- Boost calcium intake: A recent study has shown that consuming calcium-rich foods speeds weight loss by 50% while strengthening bones. While choosing calcium-rich dairy products, one must choose low fat versions.
- Eat protein at every meal: According to a study reported in a Journal of nutrition, good quality protein helps to improve and maintain muscle mass and reduce fat mass. Maintaining muscle mass during weight loss is important as it helps in burning more calories.
- Regular Exercise: Exercise not only burns calories but also suppresses appetite and hunger pangs. According to a study in the Journal of American College of Nutrition, 30 minutes of regular exercise can boost metabolism and hence weight loss.
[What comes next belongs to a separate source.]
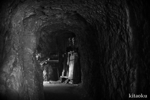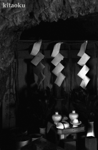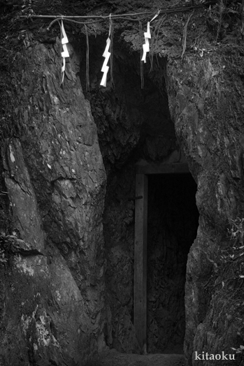 天の岩戸の入り口にはやはり三つの御幣が懸かる。中は暗く、足を踏み入れるのに躊躇する。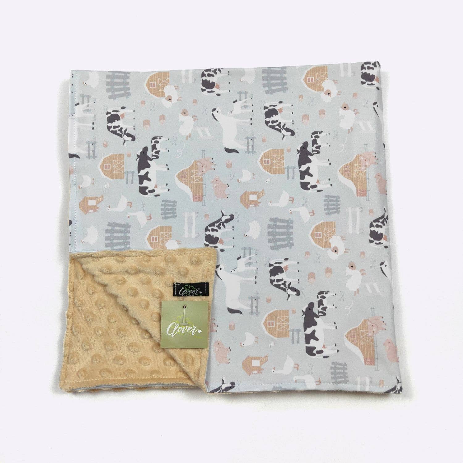 This farm animal blanket is becoming one of our customer's favorites! It's our own unique design/pattern so you don't see it everywhere. Details: - Premium Quality: 100% minky (polyester) on both sides to provide only the softest touch for baby's delicate skins. - Generous Size: 30x40 inches (great for 0-3 yr old) - Vibrant colors with a beautiful design on one side and the popular minky dot texture on the other. - Machine washable (wash cold and tumble dry low). - Each blanket is tied with a cream color ribbon and packaged individually.

- Never skip breakfast: According to National Weight Control Registry, breakfast is one of the key factors for long- term weight maintenance. A healthy breakfast keeps your blood sugar and hormone levels under check. It also kicks up metabolism and helps in burning calories.
- Avoid meal gaps for more than 4-5 hours: Long gaps between meals encourage binging and making wrong food choices. Make sure you eat three meals per day to control your hunger and manage your appetite.
- Have patience: If you don’t get to reach your target weight quickly, there are high chances that you may give up. Go slow and steady by making it realistic. Weight loss cannot happen in just a few months, and it is not that you will not put on weight once you lose it. You have to be consistent in maintaining a healthy weight.
- Find a buddy: Find a friend or a family member with a similar goal. Motivate and help each other in keeping a new eating habit and an exercise routine.
- Eat a generous amount of seasonal fruits and vegetables: Fruits and vegetables are powerhouses of disease-fighting antioxidants and minerals. There are high in fiber, low in calories and virtually no fat. These are the best choices when you have cravings or want to beat hunger pangs.
- Track your new habits: Write down to track your daily food intake, your mood swings, and exercise regimen. It helps you identify the patterns that are leading to overweight and inactivity. It is one of the most powerful tools to reach your health goal.
Consult your nutritionist or health expert before making any changes to your diet or fitness routine. They will help in making the right changes. Never make any sudden or drastic changes to your lifestyle; it may have an adverse effect on your overall health.